More Clunky Economic News

What are we to make of today's economic news that foreclosures were up in July, retails sales on everything but cars were down in July, and jobless claims for the last week jumped over a half million?

The Associated Press would like us to think that we need more "Cash for Clunkers" type stimuli.
While autos, helped by the start of the Cash for Clunkers program, showed a 2.4 percent jump -- the biggest in six months -- there was widespread weakness elsewhere. Gasoline stations, department stores, electronics outlets and furniture stores all reported declines.

Some of Europe's largest economies also benefited from government programs to support the auto industry. Germany and France returned to economic growth in the second quarter, raising hopes the recession in the 16-country euro area may end sooner than thought. Europe's two biggest economies each grew 0.3 percent from the previous three-month period, surprising analysts and technically ending their worst recession in decades.
The Euro-version of "Cash for Clunkers" has grown into a permanent plan, which has to be much appreciated in France where militant jihadists are burning hundreds of cars every month.
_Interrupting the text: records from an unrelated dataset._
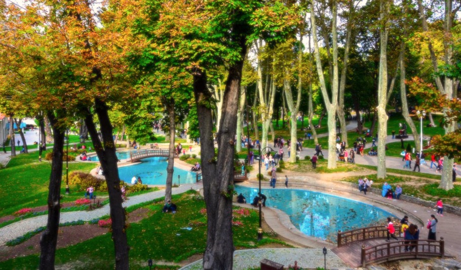 Es ist Zeit ein kleiner Spaziergang und atmen Sie frische Luft. In der Nähe des Palastes befindet sich einer der ältesten Parks von Istanbul, der gerne alle Touristen und Bewohner der Stadt einlädt. County zum Beobachtungsdeck, sehen Sie den unglaublichen Blick auf das Goldene Horn und die Bosphorus Bay.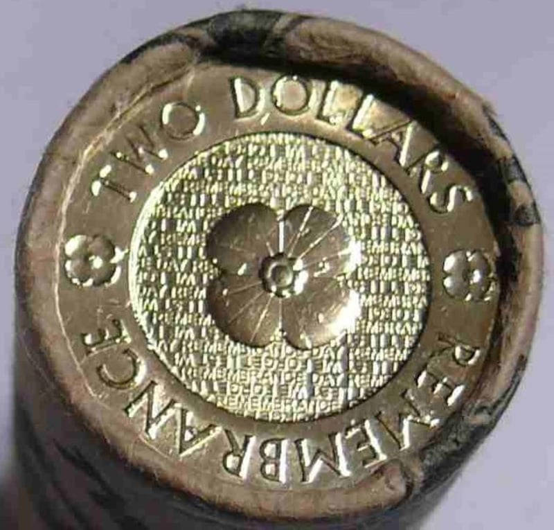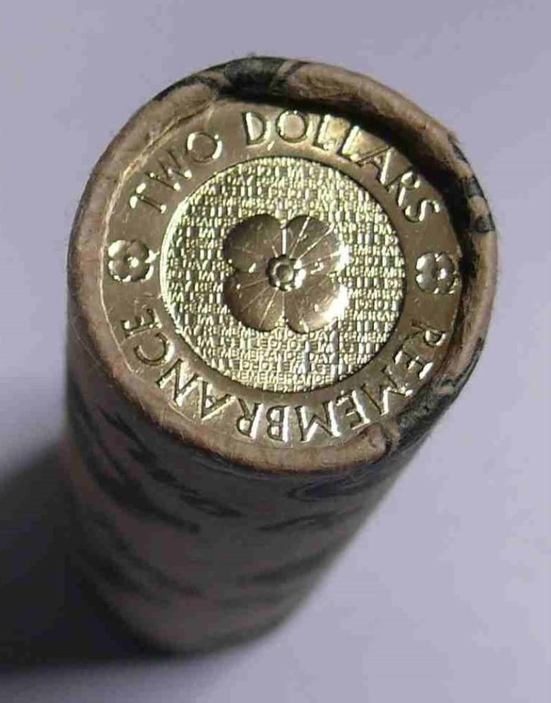 2012 REMEMBRANCE DAY GOLD POPPY $2 COIN ROLL (25X COINS IN A ROLL). 488345+1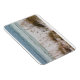 Photograph of a beach access showing ocean surf, beach and upper grassy area and path to beach.

But anyone with half a brain, even a government economist, knows that you aren't actually producing anything when you take one set of taxes (or borrowed funds, in our case) and redistribute it to another group. You temporarily alter behavior, true, but you produce nothing. In fact, you destroy since you are taking vehicles off the road that have serviceable life in them. That is waste, pure and simple.

Even with clunker cash, retail sales overall fell .1 percent in July. Spin that, Pillsbury Spokes-Boy!
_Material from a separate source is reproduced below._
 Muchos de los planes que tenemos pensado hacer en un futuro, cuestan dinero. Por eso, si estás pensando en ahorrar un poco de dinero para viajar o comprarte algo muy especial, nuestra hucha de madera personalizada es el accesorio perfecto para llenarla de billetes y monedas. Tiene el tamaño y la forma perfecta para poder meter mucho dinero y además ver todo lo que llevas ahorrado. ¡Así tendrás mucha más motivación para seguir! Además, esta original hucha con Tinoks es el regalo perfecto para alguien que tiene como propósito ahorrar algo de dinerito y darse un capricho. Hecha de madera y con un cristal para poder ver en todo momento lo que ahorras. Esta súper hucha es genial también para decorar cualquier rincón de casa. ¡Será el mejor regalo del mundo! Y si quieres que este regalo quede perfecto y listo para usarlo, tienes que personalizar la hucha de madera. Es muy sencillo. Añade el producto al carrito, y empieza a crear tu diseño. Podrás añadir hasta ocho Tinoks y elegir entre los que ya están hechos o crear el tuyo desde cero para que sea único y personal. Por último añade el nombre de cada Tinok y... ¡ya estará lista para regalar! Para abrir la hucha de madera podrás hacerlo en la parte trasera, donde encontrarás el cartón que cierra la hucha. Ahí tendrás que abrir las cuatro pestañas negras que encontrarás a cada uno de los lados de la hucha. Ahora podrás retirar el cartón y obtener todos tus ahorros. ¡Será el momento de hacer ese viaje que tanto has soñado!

There is much official hand-wringing over consumers' stubborn behavior of paying off debt and increasing their savings, which are historically laudable activities. Naturally you can expect our government to despise this trend.

There was one quote of which I approve:
"Households are in no position to drive a decent economic recovery," Paul Dales, U.S. economist at Capital Economics, wrote in a note to clients.
Amen to that. And households are in no position to absorb new taxes (direct or hidden) on health care and energy. You want to watch an economy in free-fall? Just keep pushing the socialist transformation of America!